🤖 AI Summary
In differentially private (DP) machine learning, protecting attribute-level privacy—such as labels in supervised fine-tuning—is inadequately addressed by conventional add/remove adjacency, which implicitly safeguards dataset membership rather than individual attributes, thereby overestimating privacy guarantees.
Method: The paper advocates substituting adjacency—where neighboring datasets differ by swapping one record’s attribute—and develops a tighter privacy budget accounting framework accordingly. It further designs a novel attribute-level privacy auditing attack to expose attribute leakage masked under add/remove mechanisms.
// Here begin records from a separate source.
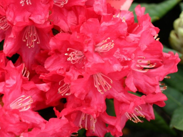 Von Mai bis Juni bringt der Strauch leuchtend rote Blüten hervor. Sie sind in Blütenständen von 10 - 12 Stück gebildet. Die Blüte beginnt Anfang Mai und endet am Ende des Monats. Die Ränder der Blütenblätter sind wellig, in der Mitte ist ihre Farbe heller. Die Blütenstände sind groß und mehr als 10 cm groß. Die Blätter der Pflanze sind grün, länglich und an den Rändern leicht verdreht.
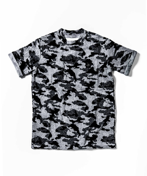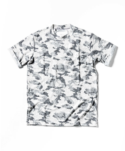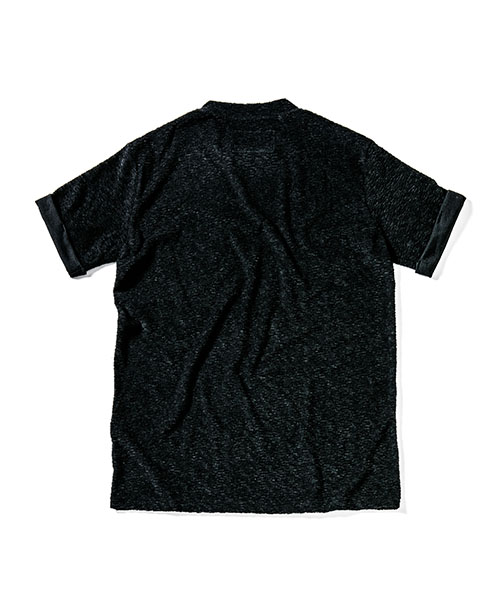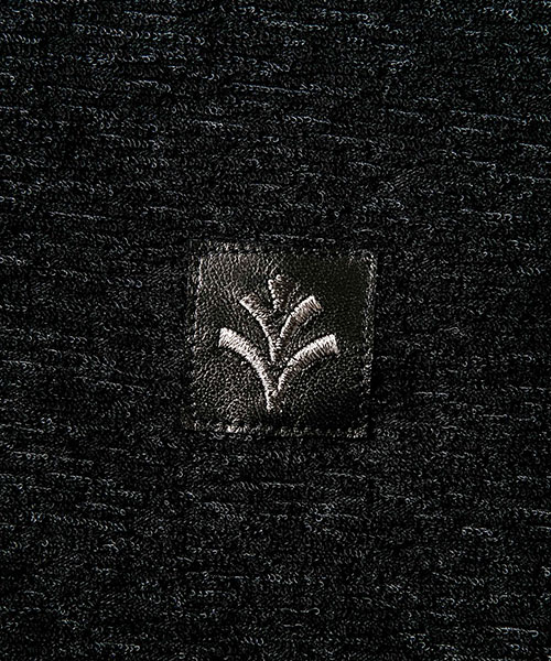 | spec | 着心地の良いパイル生地を使用したクルーネックTee。袖口は折り返し仕様。衿には同生地でリブ切り替え仕様。胸にはブランド名であるACANTHUS(地中海地方産ハアザミ 属植物)の形をモチーフにしたアイコン刺繍を施したレザーパッチを配置。 |
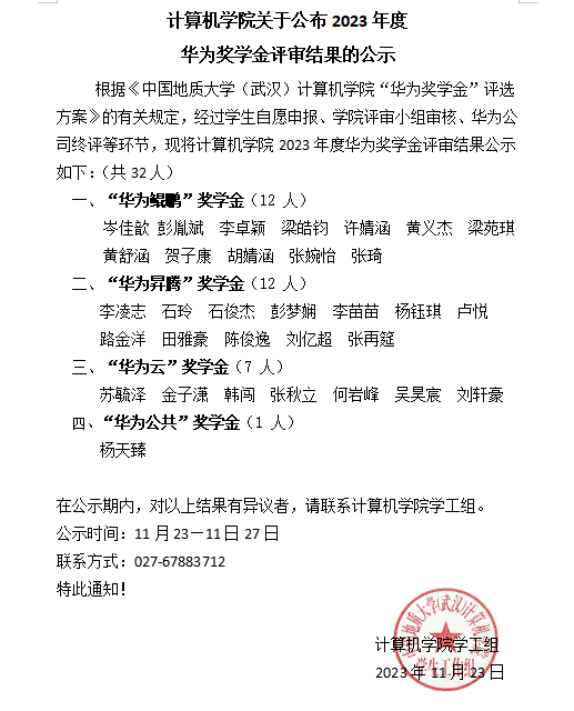 太阳集团tyc539关于公布2023年度华为奖学金评审结果的公示
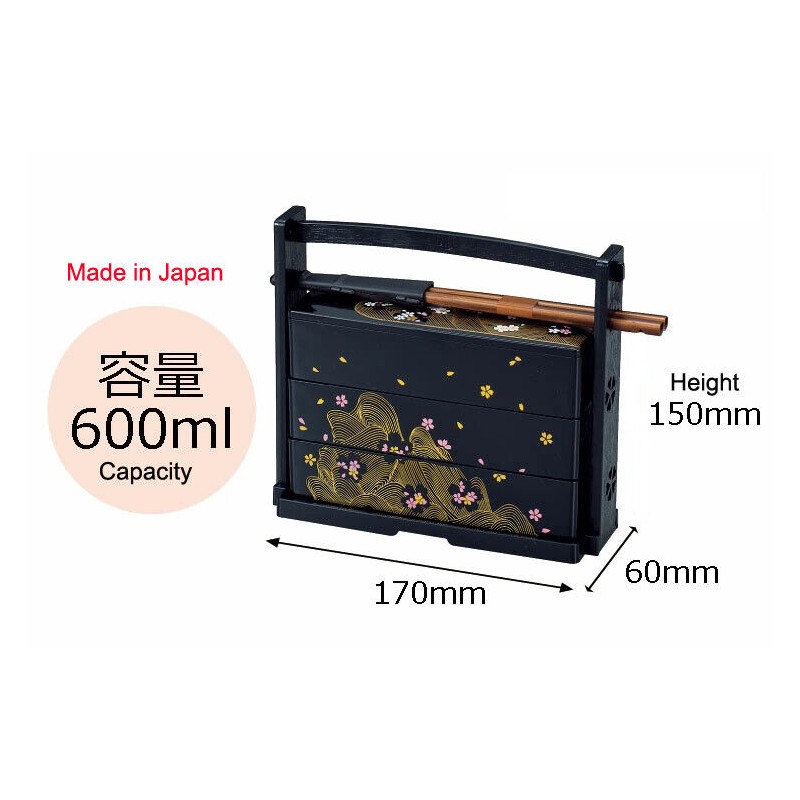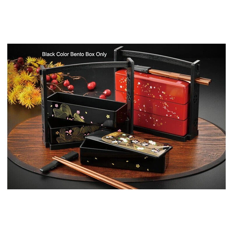 JapanBargain Japanese Sakura Lunch Bento Box w/Chopsticks Three Tiers Black S-1951
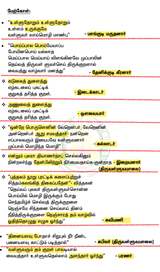 “பொய்ப்பால பொய்யேயாய்ப் போயினபொய் யல்லாத மெய்ப்பால மெய்யாய் விளங்கினவே”-என்று திருக்குறளைப் பற்றி பாடியவர்
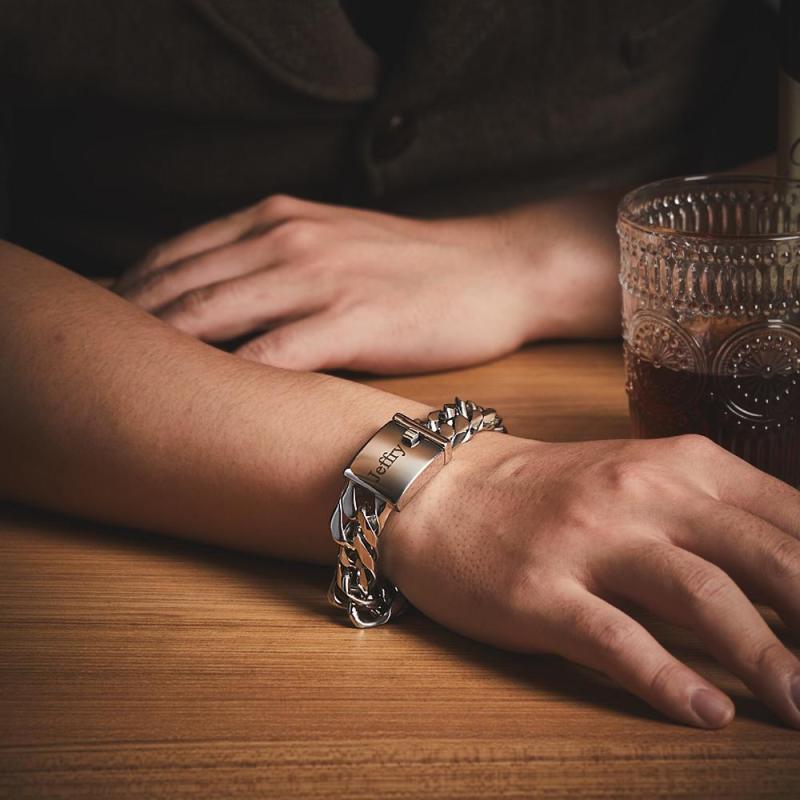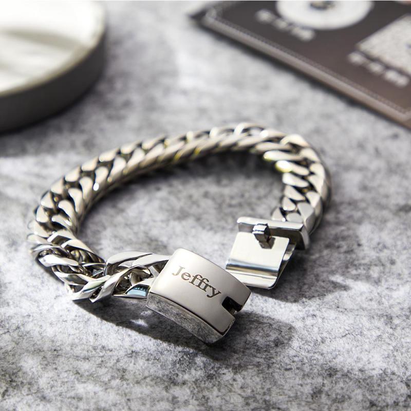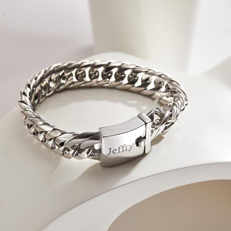Bracelet Gravé Personnalisé Bracelet Cubain En Acier Inoxydable Cadeau Pour Homme
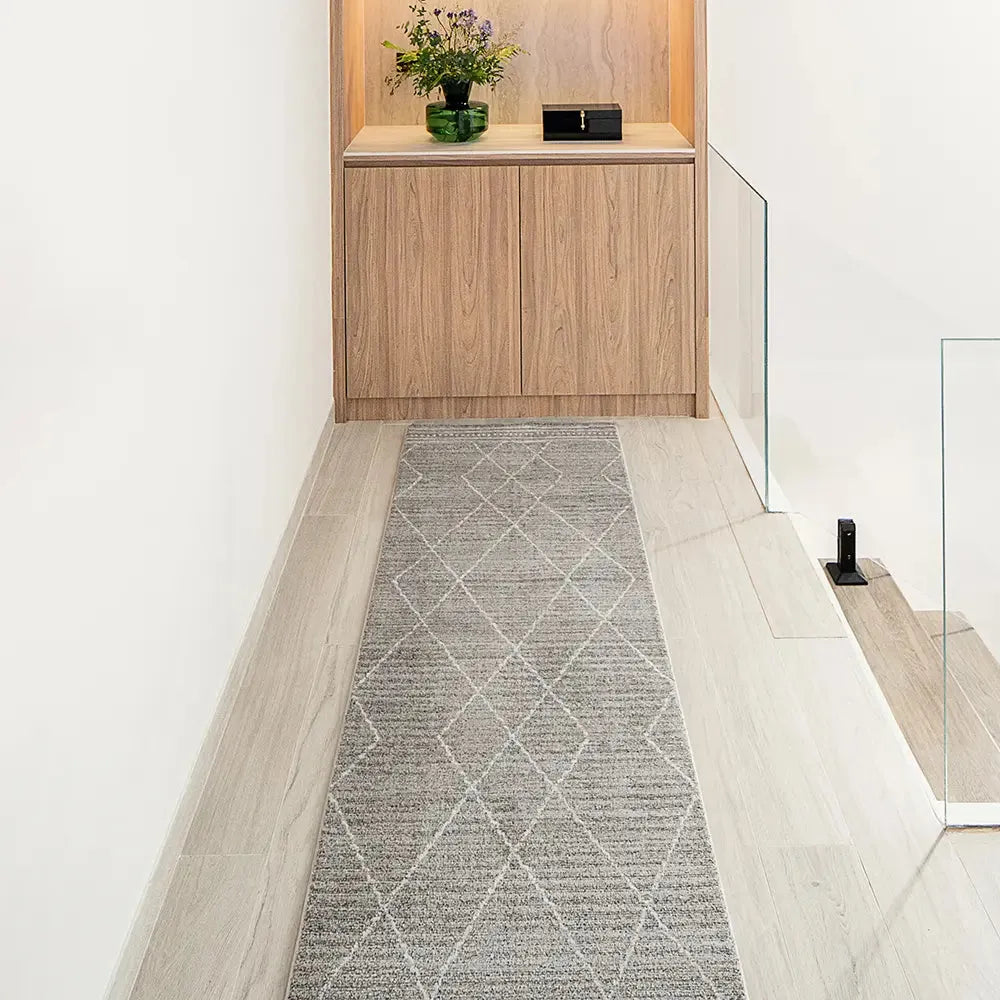 Серый ковер в зигзагообразную ромбовидную полоску
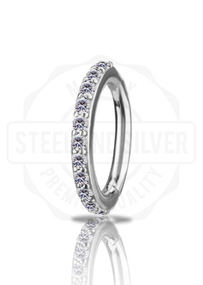 18K WHITE GOLD OVAL BELLY CLICKER SET W. PREMIUM ZIRCONIA
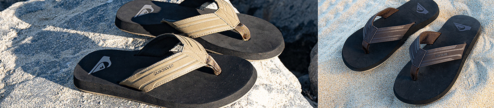 We have plenty of different comfortable and soft materials for you to choose from when picking out a Quiksilver flip flop. Grab suede for the soft, upscale feel or hop into some leather thongs if you’re feeling risqué. Or if you’re headed to the ocean, jump into some rubber ones that are the most protective against water.
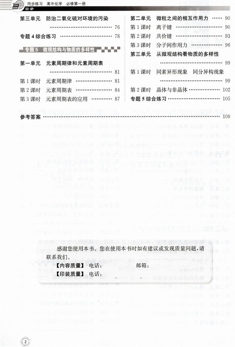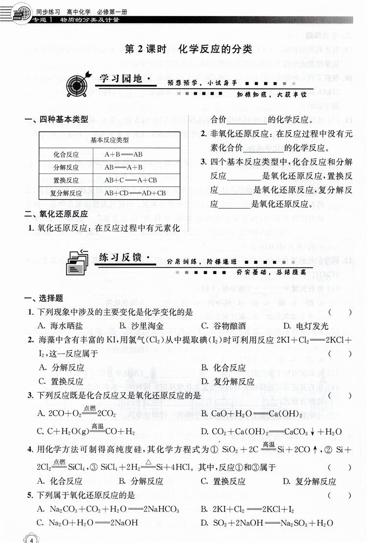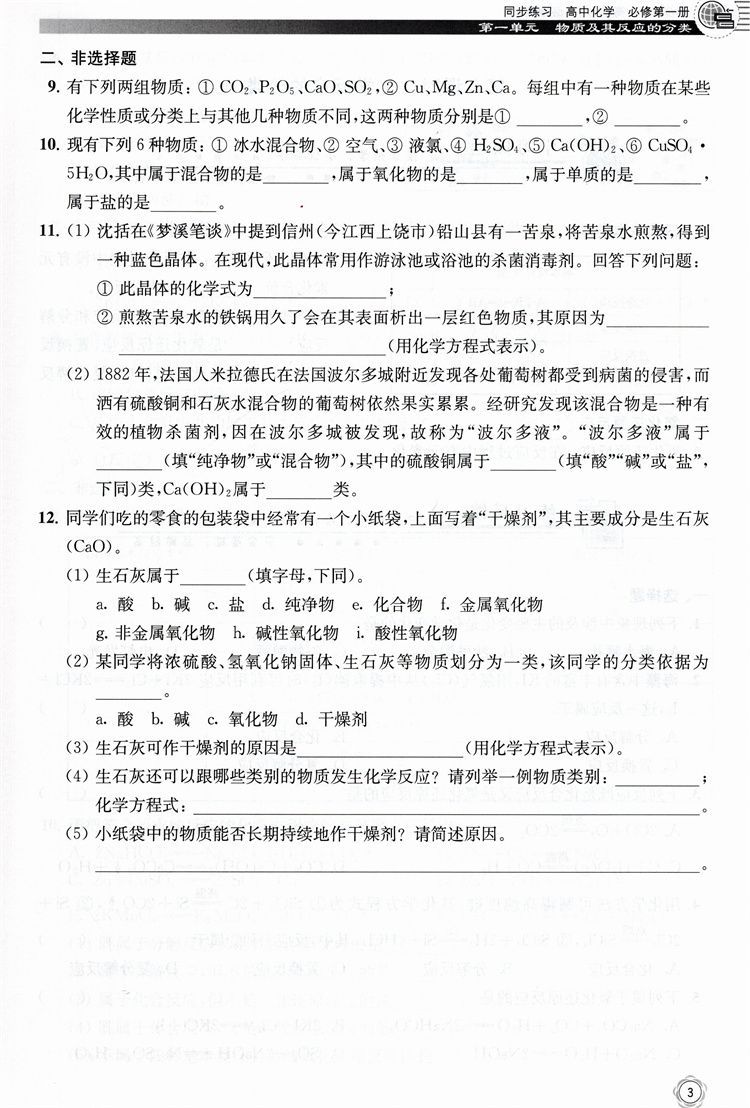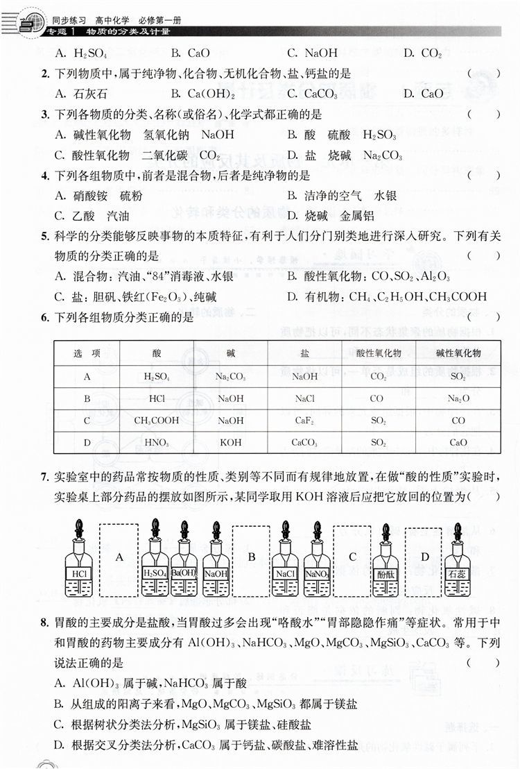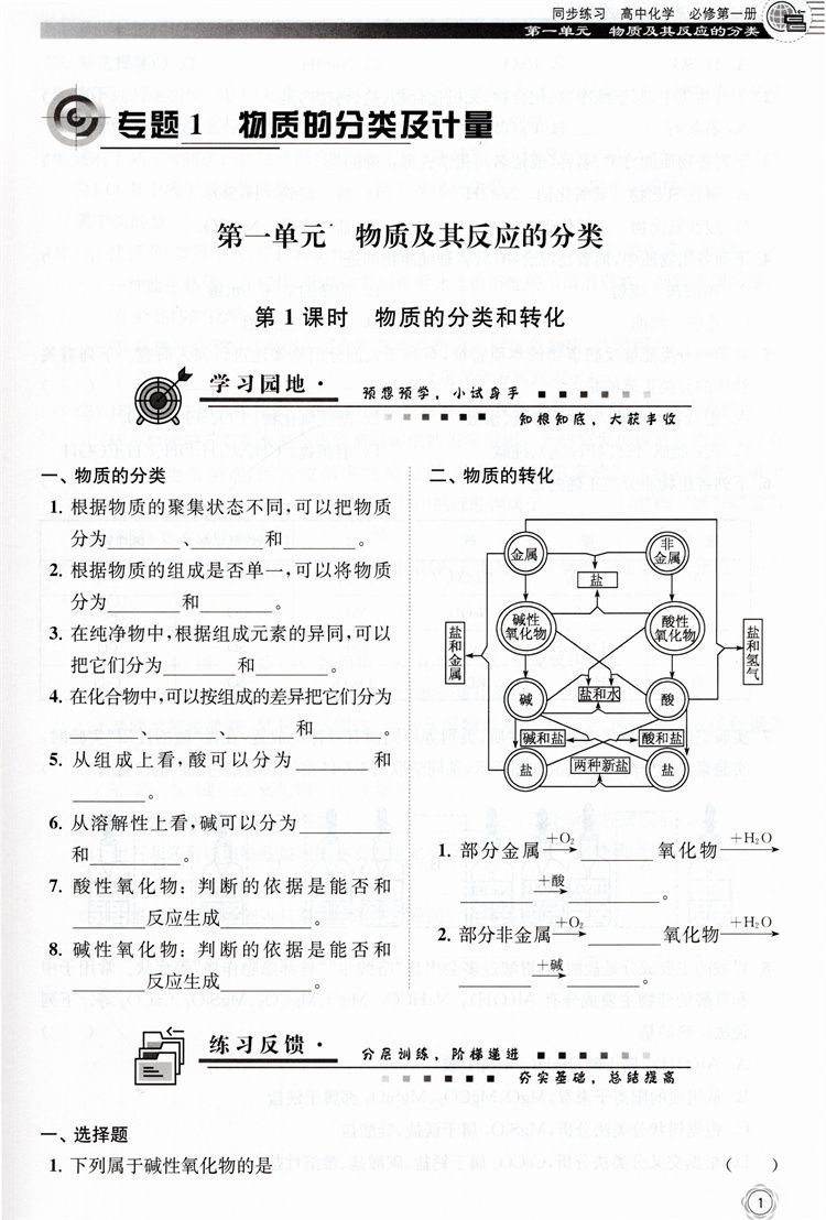 2025年 同步练习 高中化学 必修第1册 苏教版 必修第一册高中教辅
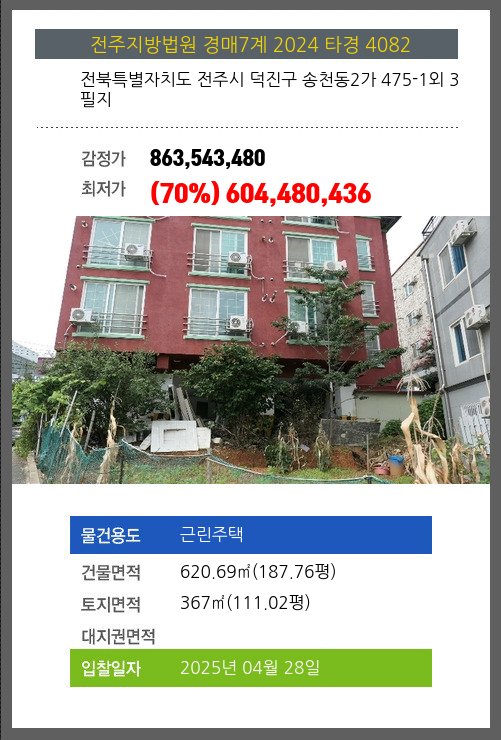 사건번호 2024 타경 4082 본건은 전북특별자치도 전주시 덕진구 송천동2가 475-1외 3필지소재하는 근린주택경매 물건의 포스팅입니다. 건물면적 [ 620.69㎡ (187.76평) ]토지면적 [ 367㎡ (111.02평) ] 시세를 반영한

Contribution/Results: Experiments demonstrate that, under identical DP budgets, substitute adjacency yields privacy claims closely aligned with empirical attribute leakage, whereas add/remove fails to ensure attribute-level privacy. This work clarifies the fundamental impact of adjacency selection on attribute privacy, establishing a more precise theoretical foundation and practical toolkit for DP training.
📝 Abstract
Training machine learning models with differential privacy (DP) limits an adversary's ability to infer sensitive information about the training data. It can be interpreted as a bound on adversary's capability to distinguish two adjacent datasets according to chosen adjacency relation. In practice, most DP implementations use the add/remove adjacency relation, where two datasets are adjacent if one can be obtained from the other by adding or removing a single record, thereby protecting membership. In many ML applications, however, the goal is to protect attributes of individual records (e.g., labels used in supervised fine-tuning). We show that privacy accounting under add/remove overstates attribute privacy compared to accounting under the substitute adjacency relation, which permits substituting one record. To demonstrate this gap, we develop novel attacks to audit DP under substitute adjacency, and show empirically that audit results are inconsistent with DP guarantees reported under add/remove, yet remain consistent with the budget accounted under the substitute adjacency relation. Our results highlight that the choice of adjacency when reporting DP guarantees is critical when the protection target is per-record attributes rather than membership.